Educating Archie
- Peter Brough and his doll Archie Andrews
- Genre: Comedy radio
- Country of origin: United Kingdom
- Language: English
- Home station: BBC Radio 4
- TV adaptations: Educating Archie (1958–1959)
- Starring: Peter Brough Archie Andrews
- Original release: June 1950 – February 1960

= Educating Archie =

British radio comedy show (1950–1960)

Educating Archie is a BBC Light Programme comedy show which was broadcast for nearly ten years between June 1950 and February 1960, mostly at lunchtime on Sundays. The programme featured ventriloquist Peter Brough and his doll Archie Andrews. The show was very popular, despite its unlikely central premise of a ventriloquist act on radio. Educating Archie averaged 15 million listeners, and a fan club boasted 250,000 members. It was so successful that in 1950, after only four months on the air, it won the Daily Mails Variety Award.

==Overview==
The programme introduced comedians who later became well known, including Tony Hancock as Archie's tutor, who would greet Archie with a weary "Oh, it's you again" and always replied to any put-down from him with "flipping kids". Other "tutors" included Benny Hill, Harry Secombe, Dick Emery, Bernard Bresslaw, Hattie Jacques, and Bruce Forsyth – together with a young Julie Andrews as Archie's girlfriend. Later, Beryl Reid took this role, playing the St Trinian's School-esque Monica with such catchphrases as "jolly hockey sticks" and "as the art mistress said to the gardener". Reid also played young Brummie girl Marleen, whose catchphrase was "Good evening, each".

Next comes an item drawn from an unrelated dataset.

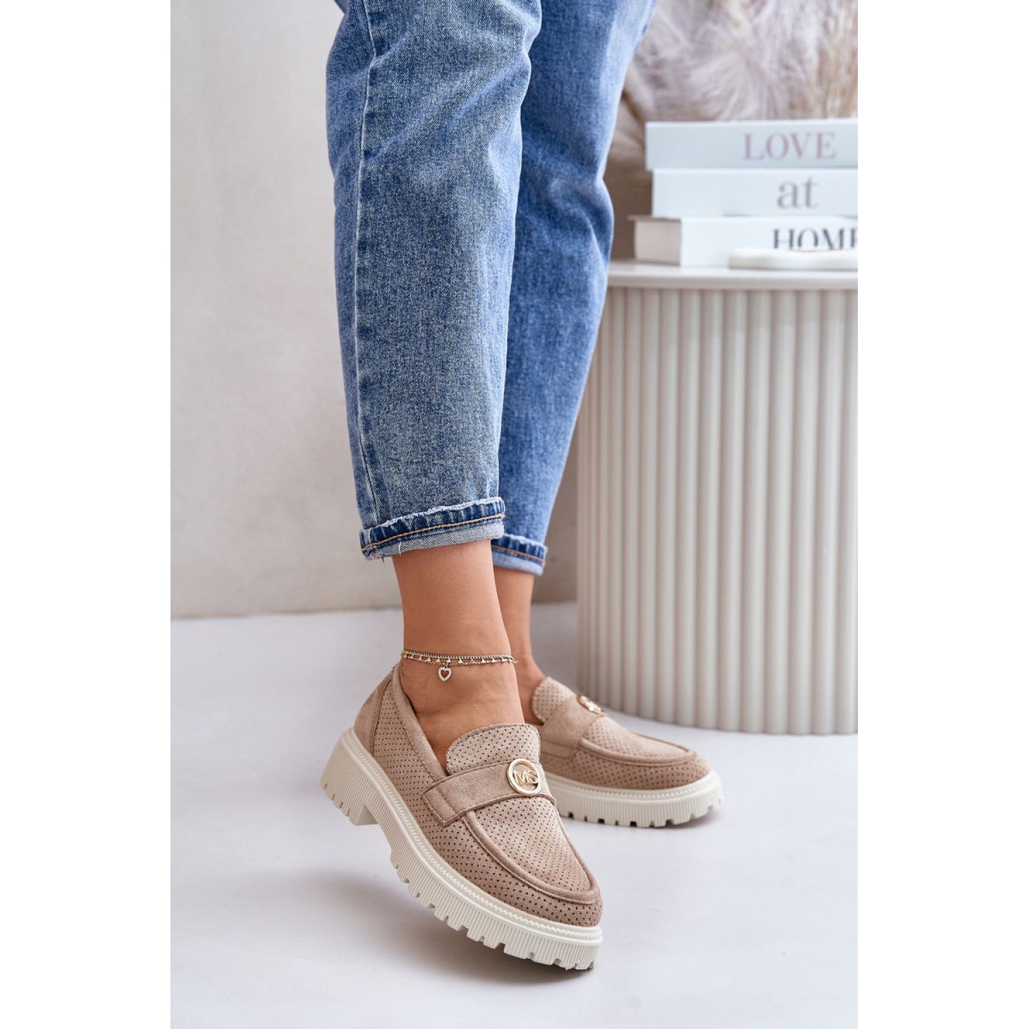Yksityiskohdat: Naisten khaki-tason mokasiinit beige

Max Bygraves later played Archie's tutor, with the catchphrases "I've arrived, and to prove it, I'm here" and "That's a good idea ... son!". The duo recorded two songs from the show on the His Master's Voice label: "The Dummy Song" and "Lovely Dollar Lolly".

Archie's the Boy was a spin-off series that aired from November 1954 to March 1955. The series ran for twenty half-hour episodes broadcast on the BBC Light Programme. It starred Peter Brough, Beryl Reid, Benny Hill, and Graham Stark.

== ITV sitcom adaptation ==

In 1958, Educating Archie was adapted as a television sitcom produced by the ITV company Associated-Rediffusion and broadcast under the same name. This version, which was broadcast in 1958–9, featured the ventriloquist's dummy Archie Andrews taking on a life of its own, talking and walking all over its creator Peter Brough, aided and abetted by a housekeeper played by Irene Handl, a non-paying lodger played by Freddie Sales (later Ray Barrett), and a jack-of-all-trades played by Dick Emery.